The addition/subtraction control circuit 104 outputs, in response to a phase difference voltage outputted from the loop filter 103, a signal indicating whether the count value of the counter 106 should be incremented or decremented by one. The count value correction circuit 105 corrects the current count value of the counter 106 in response to the output of the addition/subtraction control circuit 104 and loads the thus corrected count value into the counter 106 in response to the regenerated clock signal of the clock signal regeneration apparatus.
By the operation Just described, the counter 106 modifies its count value in accordance with a phase difference between the timing signal extracted from the received data and the regenerated clock signal, and controls the phase of the regenerated clock signal with a step equal to 1/N of the step at the data rate of the received data. This operation plays the role of a voltage controlled oscillator (VCO) of a PLL circuit so that a clock signal corresponding to the rate of the received data is regenerated.
The phase control of the regenerated clock signal of the conventional apparatus described above, however, has an upper limit defined by the width of one clock of the controlling clock signal and only allows phase control in minimum units of the thus limited fixed width. In particular, where the controlling clock signal has a rate equal to N times the data rate, the phase of the regenerated clock signal cannot be corrected with a step smaller than 1/N of the step at the data rate. This relationship is illustrated in a time chart of FIG. 9. Referring to FIG. 9, where the data are such as illustrated by the curve (1), the curve (2) illustrates a regenerated clock signal which is displaced in phase from the data signal by an amount equal to a minimum phase control width .alpha. of one step while the curve (3) illustrates another regenerated clock signal which is corrected optimally in phase. In this instance, the minimum phase control width .alpha. is equal to 1/N of the width of one symbol of the data, or in other words, equal to the width of one clock of the controlling clock signal.

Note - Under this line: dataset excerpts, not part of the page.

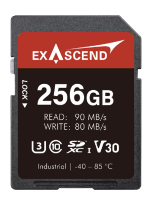 Az Exascend EX256GSDV30-IDE egy 256 GB-os ipari SDXC kártya (SD300 sorozat), amelynek olvasási sebessége akár 90 MB/s, írási sebessége pedig 80 MB/s. V30/U3/C10/A2 besorolású, -40 °C és +85 °C közötti hőmérsékleten működik, 2 000 000 óra MTBF-vel, 2,7–3,6 V bemeneti feszültséggel és SMART felügyelettel – ideális robusztus 4K megfigyeléshez, beágyazott rendszerekhez és ipari automatizáláshoz.
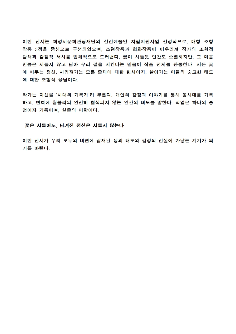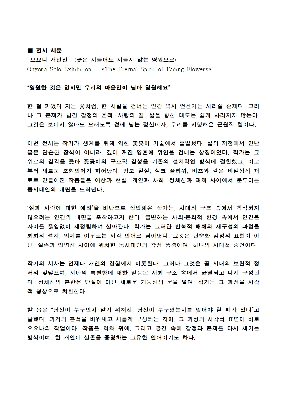 - 행사명: 오요나 개인전 《꽃은 시들어도 시들지 않는 영원으로》
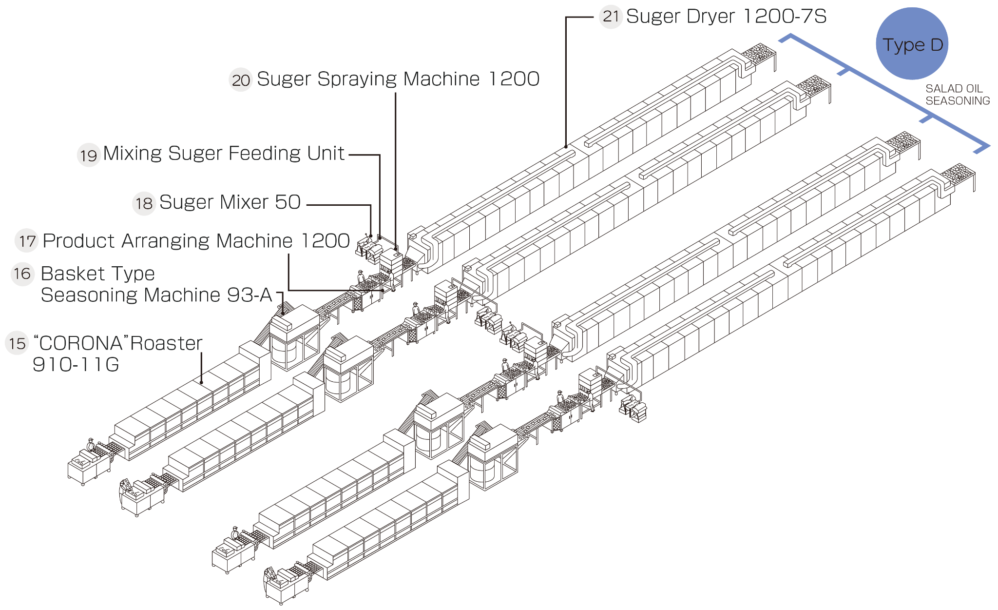 We design and manufacture plant systems that integrate all production processes. Each system is customized to meet the specific applications and needs of our customers.Below are the “Baking” and “Seasoning” sections of the entire SNBI400 plant process.

Accordingly, in a system in which a large amount of data is processed at a high speed, when the rate of data is so high that the ratio "N" between the symbol rate of the data (the symbol rate signifies the number of symbols which can be transmitted within one second; the symbol rate is equal to the bit rate where the data are binary digital modulation data, but is equal to 1/2 the bit rate where the data are four-value digital modulation data) and the rate of the controlling clock signal cannot be set high, the regenerated clock signal exhibits high phase jitters, and consequently, a high performance of the system cannot be assured. Further, if it is intended to suppress the phase jitters of the regenerated clock signal, then the frequency of the controlling clock signal must be set extremely high. For example, if it is tried to suppress phase jitters within 3.degree. with the data rate of 2.5 Mb/s, then the frequency of the controlling clock signal must be 300 MHz or more. This value is not actually practical.